--- INPUT DATA ---
==*==

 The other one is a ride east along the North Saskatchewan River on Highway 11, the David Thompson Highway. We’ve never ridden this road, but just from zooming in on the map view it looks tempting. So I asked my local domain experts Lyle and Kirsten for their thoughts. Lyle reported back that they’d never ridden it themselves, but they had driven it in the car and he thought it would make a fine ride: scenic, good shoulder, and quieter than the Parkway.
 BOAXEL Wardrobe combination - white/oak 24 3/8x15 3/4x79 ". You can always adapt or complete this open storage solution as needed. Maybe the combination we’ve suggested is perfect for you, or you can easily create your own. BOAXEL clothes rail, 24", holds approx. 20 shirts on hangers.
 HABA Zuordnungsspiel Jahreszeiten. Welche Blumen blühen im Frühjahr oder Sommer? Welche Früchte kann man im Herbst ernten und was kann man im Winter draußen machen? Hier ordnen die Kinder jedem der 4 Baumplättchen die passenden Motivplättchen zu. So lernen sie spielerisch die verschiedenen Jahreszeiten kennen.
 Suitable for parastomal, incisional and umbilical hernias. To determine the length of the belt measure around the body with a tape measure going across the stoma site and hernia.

==*==

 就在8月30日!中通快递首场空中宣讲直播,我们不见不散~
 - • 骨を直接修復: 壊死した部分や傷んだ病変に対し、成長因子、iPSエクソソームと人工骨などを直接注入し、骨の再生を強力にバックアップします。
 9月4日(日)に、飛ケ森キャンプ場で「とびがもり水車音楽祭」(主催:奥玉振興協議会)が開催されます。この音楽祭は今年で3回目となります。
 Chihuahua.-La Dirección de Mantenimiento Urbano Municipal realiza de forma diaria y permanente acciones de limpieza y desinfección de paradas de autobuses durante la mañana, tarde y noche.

==*==

Among the lines of the data above, find those with the word "this" and show them.

--- ANSWER BOX ---
 The other one is a ride east along the North Saskatchewan River on Highway 11, the David Thompson Highway. We’ve never ridden this road, but just from zooming in on the map view it looks tempting. So I asked my local domain experts Lyle and Kirsten for their thoughts. Lyle reported back that they’d never ridden it themselves, but they had driven it in the car and he thought it would make a fine ride: scenic, good shoulder, and quieter than the Parkway.
 BOAXEL Wardrobe combination - white/oak 24 3/8x15 3/4x79 ". You can always adapt or complete this open storage solution as needed. Maybe the combination we’ve suggested is perfect for you, or you can easily create your own. BOAXEL clothes rail, 24", holds approx. 20 shirts on hangers.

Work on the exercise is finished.